Byron, tecnica delle tre incisioni separate.


Oggi si fa comunque un intervento di vulvectomia radicale cioè di rimozione dei genitali esterni fino al livello
della fascia profonda, ovviamente cercando di rispettare un margine chirurgico sano (anche se non è sempre
facile in prossimità di queste strutture come l’uretra o il canale anale) e poi la rimozione dei linfonodi inguinali
attraverso altre due incisioni, questo sicuramente riduce il rischio di complicanze.

Qui ci sono delle slide più tecniche che è però danno idea di quanto sia drammatico questo intervento.

Lo Stato linfonodale deve essere conosciuto perché rappresenta il principale fattore prognostico e in qualche
modo questi linfonodi li devo togliere far analizzare. La procedura che mi garantirebbe la negatività linfonodi dal
punto di vista istopatologico è la linfadenectomia. Tuttavia queste donne una volta che li tolgo linfonodi che
drenano gli arti inferiori hanno tutta una serie di complicanze tra cui dei linfedemi molto pronunciati. Inoltre i
linfonodi sono infiltrati solo nel 10% dei casi, quindi puoi fare questo intervento molto invasivo e però che è utile
solo in un 10% dei casi e ci sono un 90% di linfadenectomie che non servono a niente, anzi creano tutto questo
tipo di complicanze (difatti servono per dimostrare che i linfonodi sono negativi ma non servono a niente dal
punto di vista del trattamento). Inoltre queste pazienti sono anziane con problemi motori e questi linfedemi
limitano ulteriormente la motilità della donna, aumentando tutti i rischi legati all’ipomotilità.

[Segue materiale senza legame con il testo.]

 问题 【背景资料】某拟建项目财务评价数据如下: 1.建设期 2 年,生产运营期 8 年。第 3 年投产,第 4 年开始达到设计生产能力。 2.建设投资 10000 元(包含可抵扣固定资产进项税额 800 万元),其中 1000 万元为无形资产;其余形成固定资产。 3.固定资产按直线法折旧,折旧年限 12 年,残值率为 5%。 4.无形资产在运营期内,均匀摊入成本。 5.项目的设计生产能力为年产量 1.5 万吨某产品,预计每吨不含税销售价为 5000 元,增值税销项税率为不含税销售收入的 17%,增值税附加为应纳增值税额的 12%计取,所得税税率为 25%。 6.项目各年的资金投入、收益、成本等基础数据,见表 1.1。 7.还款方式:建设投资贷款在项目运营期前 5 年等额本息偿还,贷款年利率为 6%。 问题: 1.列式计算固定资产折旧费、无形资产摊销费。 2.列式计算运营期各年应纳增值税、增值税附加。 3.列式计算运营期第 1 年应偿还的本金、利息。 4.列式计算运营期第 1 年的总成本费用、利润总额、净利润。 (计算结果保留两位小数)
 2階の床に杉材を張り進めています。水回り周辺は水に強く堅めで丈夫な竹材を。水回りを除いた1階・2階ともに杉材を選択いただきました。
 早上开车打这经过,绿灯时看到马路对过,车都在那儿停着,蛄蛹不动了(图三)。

Qal è stata la soluzione? LINFONODO SENTINELLA.
Il linfonodo sentinella è stato l’escamotage per ridurre il linfedema dell’arto superiore nel cancro di mammella.

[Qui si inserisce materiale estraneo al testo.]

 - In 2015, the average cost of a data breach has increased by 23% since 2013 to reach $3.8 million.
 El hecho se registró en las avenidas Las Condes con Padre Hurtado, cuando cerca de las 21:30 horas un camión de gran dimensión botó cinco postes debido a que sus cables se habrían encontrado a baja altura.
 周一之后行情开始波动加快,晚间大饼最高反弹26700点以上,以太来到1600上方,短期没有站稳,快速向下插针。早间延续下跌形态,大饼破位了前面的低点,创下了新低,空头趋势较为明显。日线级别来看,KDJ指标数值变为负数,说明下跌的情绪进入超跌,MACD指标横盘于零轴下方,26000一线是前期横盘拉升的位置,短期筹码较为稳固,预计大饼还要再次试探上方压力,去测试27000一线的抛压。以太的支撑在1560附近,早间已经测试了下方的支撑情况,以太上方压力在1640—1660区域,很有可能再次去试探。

Oggi ci rappresenta lo standard terapeutico anche nel carcinoma della vulva. Ne i tumori di piccole dimensioni
diciamo inferiore a 2 cm possono fare il linfonodo sentinella o con il blu o meglio con il tracciante radioattivo. La
tecnica del linfonodo sentinella è uguale per tutti tumori che lo fanno: oggi è standard per la mammella,
melanoma, sostanzialmente nel nostro scenario è lo standard per la vulva e si sta sviluppando anche su
endometrio cervice grazie a tecniche come per esempio la robotica dove si può utilizzare la fluorescenza. I dati
delle slide delle di accuratezza del linfonodo sentinella sono più sono un po’ vecchiotti: oggi il tracciante è
sicuramente affidabile e deve esserlo perché il rischio del sentinella è quello di avere un falso negativo (voi
quando prelevate quel linfonodo dovete essere sicuri che il primo linfonodo di drenaggio e che se quello è
negativo dovrebbe essere negativo tutto il pacchetto).